The code itself is aimed at the beginner it does not include things like file handing but does touch on aspects of programming considered advance such as arrays. The fundamental aim here being to get the novice to be comfortable with code to reward and encourage those achievements as they work through the course. Much of the more advanced code I feel is glanced over rather than built on for example by the time you reach the Blackjack project you would expect it to include all the code you have learned in previous lessons such as the arrays. Perhaps the author just forgot to include this within the final project but I would have expected it to be included. The course despite the fact I spent a little time on it, (took me over a day to complete) don’t be fooled this is not an easy course. The guidance though is well constructed and the lessons do not allow much by way of mistakes.

There is a good level of support though where others have commented or redefined the question to aid in it’s understanding of the original problem required to be solved.

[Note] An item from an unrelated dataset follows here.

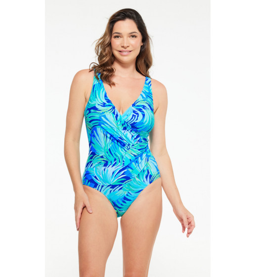 Havana Surplice Swimsuitf from TOGS. Classic cross over front styling with soft cups set in a shelf bra with front power netting. Wide adjustable straps with cross over front gathering.

I have done a very quick comparison with the popular w3c for schools W3Schools suggested by another SoSLUG member which is a good site but does not teach code or coding practises or styles, instead it tests your knowledge only, this is great if you already know how to programme and absolutely useless if you do not know were to start. Actually I have to eat my own words whilst the above in actual fact is true there is a quiz, it is not the whole story. What I neglected to realise was that in many aspect w3schools is similar to that of Codecademy in that it does supply an editor and a console to manage.

It should be noted that apparently is not affiliated to the W3C in any way. Allegedly when asked to explicitly state this, W3Schools have declined to do so.
They are not therefore an authoritative source of information. On the whole the information is correct, but there are errors; especially where they have been slow to update information which is no longer current. There are other equally good, if not better and more up to date, sources of information. In referring to other sites, it does not necessarily mean SoSLUG endorse their use.

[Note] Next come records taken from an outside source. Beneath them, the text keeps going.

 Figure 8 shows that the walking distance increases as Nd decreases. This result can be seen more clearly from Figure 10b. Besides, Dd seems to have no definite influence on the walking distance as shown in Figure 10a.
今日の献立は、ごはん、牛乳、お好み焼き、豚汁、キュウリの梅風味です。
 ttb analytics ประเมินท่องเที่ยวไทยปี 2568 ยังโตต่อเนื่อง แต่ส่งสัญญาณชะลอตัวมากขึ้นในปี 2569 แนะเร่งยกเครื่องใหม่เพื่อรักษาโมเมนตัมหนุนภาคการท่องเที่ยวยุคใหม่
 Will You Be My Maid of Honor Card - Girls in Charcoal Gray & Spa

In common with of sites that offer certification, unless they have support from government, or the relevant standards institution, such certificates are probably of little value.

Codecademy takes a different approach it assumes no previous knowledge and teaches the art of programming all be it at a basic level but hell you got to start somewhere. Right from the start you have three areas you need to observe and respond too the left most column consist of the question and description of what you are being asked to do. The second column couples the editor and a console window with the editor top most and the console output underneath. You build your code in the editor, and when you are ready you initiate with the run button, the console window provides you with the result your code initiated and a link to move to the next lesson. Word of warning you can crash your browser when the code is incomplete, incorrect or corrupt.

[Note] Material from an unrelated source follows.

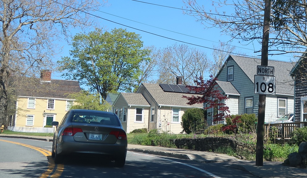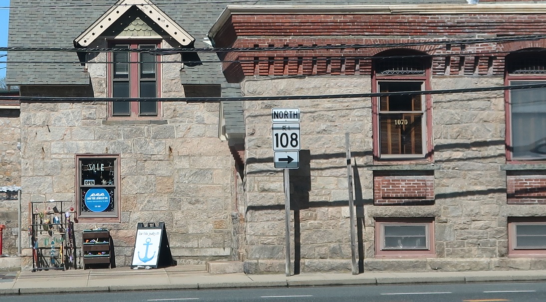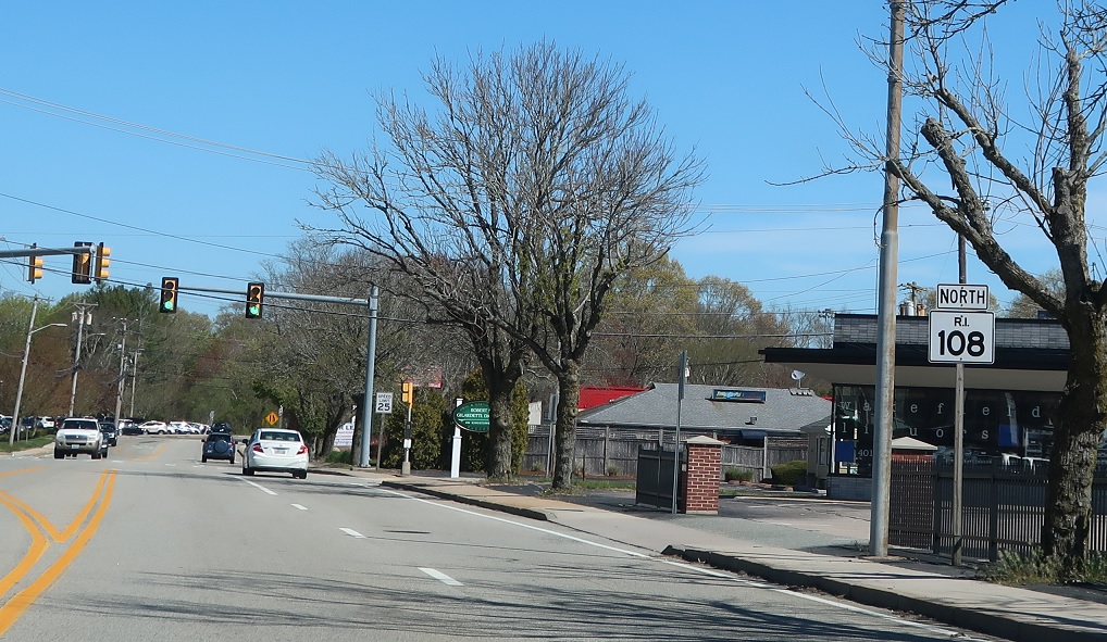 Several blocks later, RI 108 makes a right turn.

It is clear to me that the Codecademy site has aspirations to include other languages and if it does I for one will add to the skills already learned. The downside though is that good though these exercises are it is disappointing the site was not launched with a variety of languages rather than just the one. More disappointing still, the lessons and exercises provided can be completed in just over a day for a complete and self confessed novice like myself. But and I guess this might be the point because I am left very thirsty for more and eagerly waiting for additional exercises even on Javascript.

What I liked about Codecademy

No advertising, completely free to join and use, rapid response to a function component that should have already worked on the site during the process of working on the site. Plus the considerable support by way of FAQ’s for each sub section of the exercises. For now the site is leaning towards being used as for want of a better description, a teaching aid, it is thankfully total devoid of any advertising I really hope it can stay that way.

Codecademy Updates

This last weekend Codecademy updated the Javascript profile 5th February 2012, most of the lessons and exercises thought complete were now showing incomplete. They were not of course, some new material had been added but in a rather odd way. In addition to this the skill level required was off the charts for a self confessed beginner I spent many hours trying and deciphering the code to move on to the next section.

Sadly the good explanations instruction, and hand holding was there no longer. In some cases the instructions far from being descriptive where now non existent. The manner in which this new content was added also leaves me cause for concern, rather than add a new chapter to existing lessons the new lessons and projects were added in this case to the Introduction (Lessons) and Functions (Projects) sections. I attempted these new lessons and projects but I did not feel as though I was progressing, more than going round and round in circles.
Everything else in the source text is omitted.